Professional schools have long been home to the most contentious affirmative action battles, and Harvard’s are no exception. But at Harvard Law School, disputes about affirmative action have focused less on admissions and more on the prestigious Harvard Law Review, the legal periodical whose editorships are often tickets to judicial clerkships and professorships.
In 1981, all 80-some editors except one were white, and it would be another decade before the Review elected its first black president, Sen. Barack H. Obama, (D-Ill.) Fewer than a dozen of the editors on the Review were women, although Susan R. Estrich, the law professor and Democratic political operative, served as the Review’s president in 1977.
It was then that the saga of the Law Review’s affirmative action program began, when the editors adopted a race- and gender-conscious policy by a 45 to 39 vote, to the vehement opposition of some faculty members. Several months of intense debate and negotiations ensued between the Review and the faculty, at the end of which the Review began for the first time considering factors other than merit in choosing its members.
AN AFFIRMATIVE ACTION
Prior to 1981, law students could join the Review either by being among the top five students in their first-year sections—each class used to be divided into four sections—or through a combination of their grades and their scores on an annual writing competition, a process designed to preserve absolute objectivity.
But the 1981 editors felt it necessary for their admission policy to take into account the underrepresentation of minorities and women.
Under their modified plan, the top four students in each first-year section would still be elected to the Review, but the fifth spot would be reserved for the top-scoring minority student among the top 25, and if no such minority student existed, the fifth spot would go to the woman with the highest grades.
Two days after the adoption of this policy, three editors—including one woman—resigned in protest.
In response, the Review’s leadership convened to reconsider their plan, opting for a non-quota system that would merely take race and gender into consideration. But despite the modification, the Review continued to encounter opposition from students, alumni, and most importantly, from the faculty.
THE FACULTY VOTES NO-CONFIDENCE
In response to the affirmative action policy, the law school appointed a committee led by Detlev F. Vagts ’48, the Bemis professor of international law emeritus, to study the issue.

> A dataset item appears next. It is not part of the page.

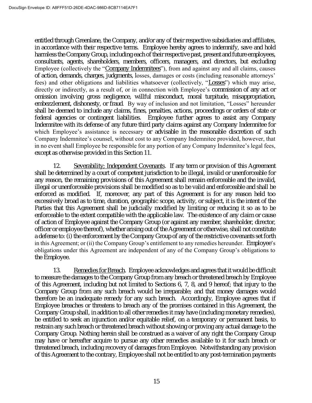 DocuSign Envelope ID: A8FFF51D-26DE-4DAC-986D-8CB7114EA7F1 entitled through Greenlane, the Company, and/or any of their respective subsidiaries and affiliates, in accordance with their respective terms. Employee hereby agrees to indemnify, save and hold harmless the Company Group, including each of their respective past, present and future employees, consultants, agents, shareholders, members, officers, managers, and directors, but excluding Employee (collectively the “Company Indemnitees”), from and against any and all claims, causes of action, demands, charges, judgments, losses, damages or costs (including reasonable attorneys’ fees) and other obligations and liabilities whatsoever (collectively, “Losses”) which may arise, directly or indirectly, as a result of, or in connection with Employee’s commission of any act or omission involving gross negligence, willful misconduct, moral turpitude, misappropriation, embezzlement, dishonesty, or fraud. By way of inclusion and not limitation, “Losses” hereunder shall be deemed to include any claims, fines, penalties, actions, proceedings or orders of state or federal agencies or contingent liabilities. Employee further agrees to assist any Company Indemnitee with its defense of any future third party claims against any Company Indemnitee for which Employee’s assistance is necessary or advisable in the reasonable discretion of such Company Indemnitee’s counsel, without cost to any Company Indemnitee provided, however, that in no event shall Employee be responsible for any portion of any Company Indemnitee’s legal fees, except as otherwise provided in this Section 11. 12. Severability; Independent Covenants. If any term or provision of this Agreement shall be determined by a court of competent jurisdiction to be illegal, invalid or unenforceable for any reason, the remaining provisions of this Agreement shall remain enforceable and the invalid, illegal or unenforceable provisions shall be modified so as to be valid and enforceable and shall be enforced as modified. If, moreover, any part of this Agreement is for any reason held too excessively broad as to time, duration, geographic scope, activity, or subject, it is the intent of the Parties that this Agreement shall be judicially modified by limiting or reducing it so as to be enforceable to the extent compatible with the applicable law. The existence of any claim or cause of action of Employee against the Company Group (or against any member, shareholder, director, officer or employee thereof), whether arising out of the Agreement or otherwise, shall not constitute a defense to: (i) the enforcement by the Company Group of any of the restrictive covenants set forth in this Agreement; or (ii) the Company Group’s entitlement to any remedies hereunder. Employee’s obligations under this Agreement are independent of any of the Company Group’s obligations to the Employee. 13. Remedies for Breach. Employee acknowledges and agrees that it would be difficult to measure the damages to the Company Group from any breach or threatened breach by Employee of this Agreement, including but not limited to Sections 6, 7, 8, and 9 hereof; that injury to the Company Group from any such breach would be irreparable; and that money damages would therefore be an inadequate remedy for any such breach. Accordingly, Employee agrees that if Employee breaches or threatens to breach any of the promises contained in this Agreement, the Company Group shall, in addition to all other remedies it may have (including monetary remedies), be entitled to seek an injunction and/or equitable relief, on a temporary or permanent basis, to restrain any such breach or threatened breach without showing or proving any actual damage to the Company Group. Nothing herein shall be construed as a waiver of any right the Company Group may have or hereafter acquire to pursue any other remedies available to it for such breach or threatened breach, including recovery of damages from Employee. Notwithstanding any provision of this Agreement to the contrary, Employee shall not be entitled to any post-termination payments 15

Though the Review is formally autonomous from the Law School, Vagts pointed out that it relies on the faculty to disclose the grades of the top-scoring students in each first-year section, which the Review uses to select members.
“They got grades from us, individual members of the faculty helped them out, and they occupied Harvard space,” Vagts said of the 1981 Review.
In late March, the faculty committee released its report, stating that although faculty members are “content with the abstract principles of better representation for minorities, [there are] better ways to accomplish the same objectives.”
Within a month, and in light of the concerns expressed by faculty and alumni, the Review voted to postpone the implementation of its affirmative action program if the faculty would accept the general concept behind the policy—something the faculty eventually did.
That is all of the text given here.